Step-by-step explanation:
The Problem with Rutherford's Model and Bohr's Solution
The problem with Rutherford's atomic model was that it could not explain why atoms emit light at specific wavelengths or frequencies. This issue is rooted in the fact that, according to Maxwell's theory of electromagnetic radiation, electrons changing their path should emit energy. In a planetary model, this would lead to the electrons spiraling into the nucleus, resulting in the atom collapsing. This clearly does not happen in reality, as we do not observe atoms spontaneously collapsing. Moreover, the model couldn't describe the unique atomic spectra of different elements, which are like their fingerprints in terms of light emission.

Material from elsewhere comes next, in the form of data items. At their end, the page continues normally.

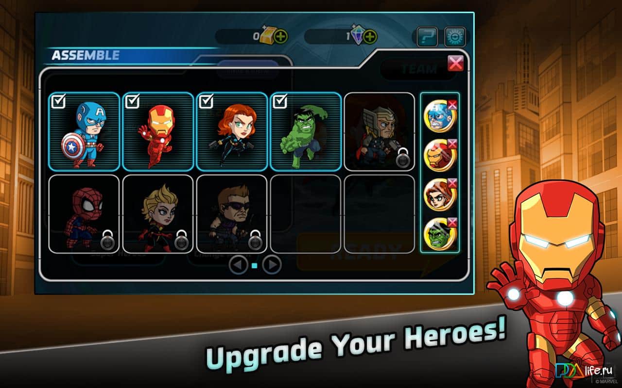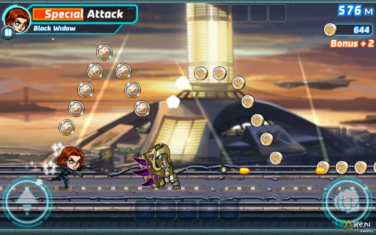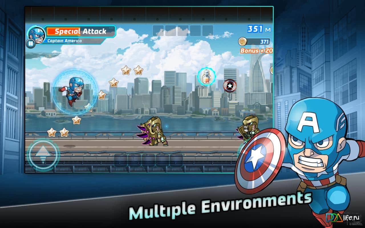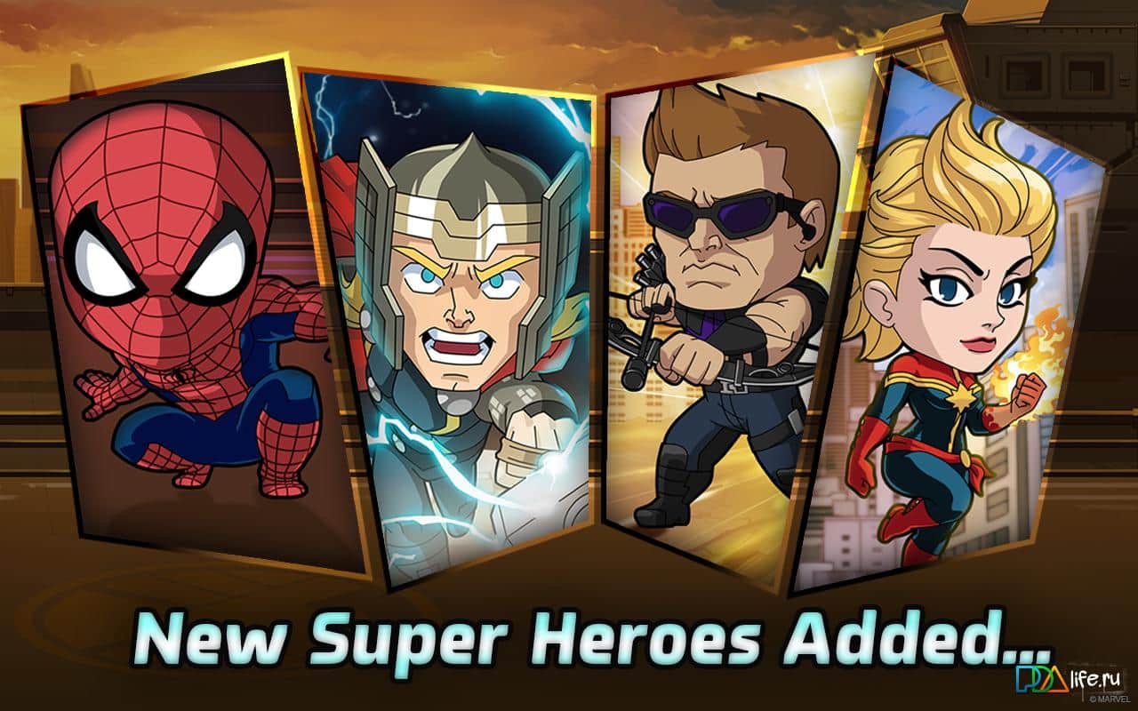 Marvel Run Jump Smash! - игра на аndroid, где вы будете сражаться за одного из супер-героя. Выбирайте супер-героев, то может быть, Железный человек, Халк, Капитан Америка, Черная Вдова, Человек-паук и другие. Бегайте, прыгайте и сносите все на своем пути, а также сражайтесь с супер-злодеями и его помощниками. Также у вас будет возможность переключать персонажей по ходу игры и улучшать их способности.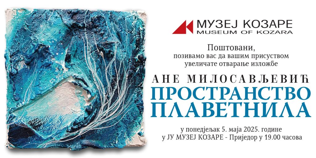 Сликарство Самостална изложба Ане Милосављевић „Пространство плаветнила“ у Приједору Јавност мај 4, 2025 0 мин читања Самостална изложба Ане Милосављевић „Пространство плаветнила“ биће отворена 05. маја у приједорском Музеју Козаре.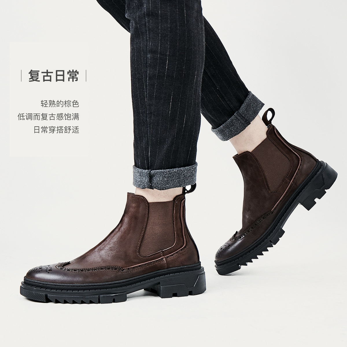 Главная страница > Челси сапоги кожаные сапоги Martin сапоги Буллок резные кожаные сапоги с бархатом на толстой подошве Британские ретро мужские сапоги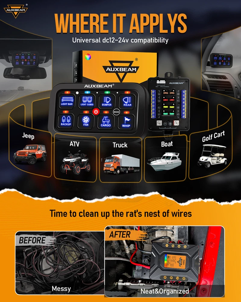Automatic adjustment: Back light brightness automatic dimmable To Control: Brake Light, Front Fog Light, Headlight, Fog/Driving Light gtin13: Does not apply Universal Fitment: Yes Fitment: for Truck, Boat, Car, Bus, Off-road, Powersports, Marine Features: Dustproof, LED Light Type: 8 Gang RGB Switch Panel Waterproof rating: IP65 Rated voltage: 12V 20A / 24V 10A Brand: AUXBEAM UPC: Does not apply Manufacturer Part Number: 8 Gang RGB Switch Panel Set Operating at 12 Volts: max power rating of 720W Model: TOGGLE/ MOMENTARY/ PULSED MODE Switch operation: On-Off Working voltage: DC 12-24V Operating temperature: -40°C -, 105°C Operating at 24 Volts: max power rating of 1400W Control: 8-Gang two-sided outlet switch panel. Placement on Vehicle: Door, Dashboard, Center Console Max current: 60A Fitment 2: ATV, UTV, SUV, Side by Side, SxS, Heavy-duty machines

Niels Bohr resolved this by suggesting that electrons can only orbit the nucleus in certain quantized orbits or energy levels. By doing so, he explained the atomic spectrum of hydrogen and established new principles in quantum mechanics that allowed for only specific energy levels and corresponding spectral lines, thus avoiding the paradox of the atom collapsing.
Unfortunately, Bohr's model had its own limitations, as it could not be extended to more complex atoms such as helium, and it still held on to the idea of specific orbits which later quantum mechanics showed to be a simplification not fully consistent with the behavior of subatomic particles.